# Truma Combi Fault Codes?



## gaspode (May 9, 2005)

Hi

Just returned from a shake-down trip on the new Rapido and experienced a strange incident with the combi boiler...............

The boiler had been in use for hot water only (electric) and was switched off after washing up. Later in the evening I went to switch it to heating, just to take the late night chill off - and the whole thing was dead - not a sausage. 8O 

Tried the boiler fuse in the main panel - OK, so had to remove the electric panel on the side of the heater unit (not an easy job, it's buried under the seating and kitchen units). When the cover was removed there was a red LED flashing a code of short and long bursts - clearly a fault code. I removed the 12v fuse on the panel and tested - OK. Replaced fuse and the LED flashing stopped and just like magic all returned to normal operation. It's worked faultlessly since. :? 

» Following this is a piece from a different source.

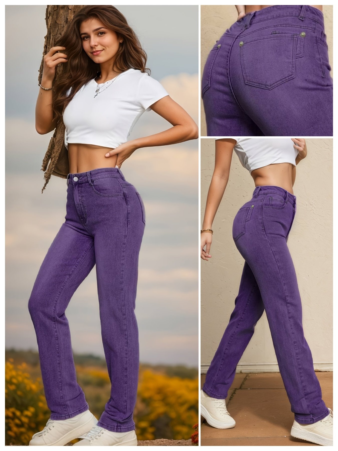 - خامة دينم مرنة وعالية الجودة: مصنوع من مزيج مثالي (70% قطن، 28% بوليستر، 2% إيلاستين) يضمن متانة فائقة ومرونة عالية، ليتكيف مع حركتكِ ويوفر راحة تدوم طويلاً دون قيود.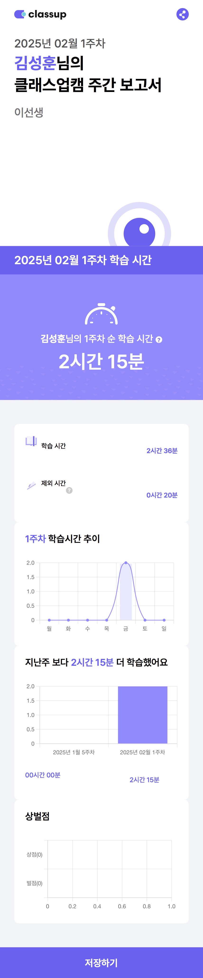 학생의 학습 상태를 체크할 수 있고 보호자에게 학습 보고서 발송 가능해요

So does anyone know the codes for the flashing LED? I'd like to know what fault caused the panel to trip so I can understand why it happened and take appropriate steps to avoid it happening again.


----------



## spykal (May 9, 2005)

Hi Ken

I knew that I had seen a reference to the flashing codes but when you asked me yesterday I could not remember where ...I think I have found them now ....try these two links for the PDFs. The flashes are supposed to be like morse code ...long and short flashes ...did you make a note of what yours did before you fixed it?

Blinkcodeliste 1 <<

Blinkcodeliste 2 <<

Mike

P.S. it was using the German "blinkcodelist" that helped me find them ...I do like those compund German words made up of several short ones... so very efficient !!


----------



## inkey-2008 (May 24, 2008)

I help a lady down in Spain a couple of winters ago with a similar fault. I rang Truma with the serial numbers etc.
It turn out it was a faulty circuit board which they replaced, it was a known fault.

Andy


----------



## gaspode (May 9, 2005)

Thanks guys

I've seen those "blinkcodelists" Mike but either they don't list the fault code I was receiving or I'm interpreting it incorrectly. The code I interpreted as:

Red LED
Short blink
Short blink
Long blink
Pause
Repeat from top.

Anyone got any ideas?


----------



## WildThingsKev (Dec 29, 2009)

Well I hate to bear bad news but "short short long" is morse for U and in the International Code of Signals mean "You are running into Danger"!


----------



## gaspode (May 9, 2005)

:lol: :lol: :lol: 

Just about sums up my experiences with Rapido so far Kev.

Looks as if I'll be phoning Truma tomorrow doesn't it? :roll:


----------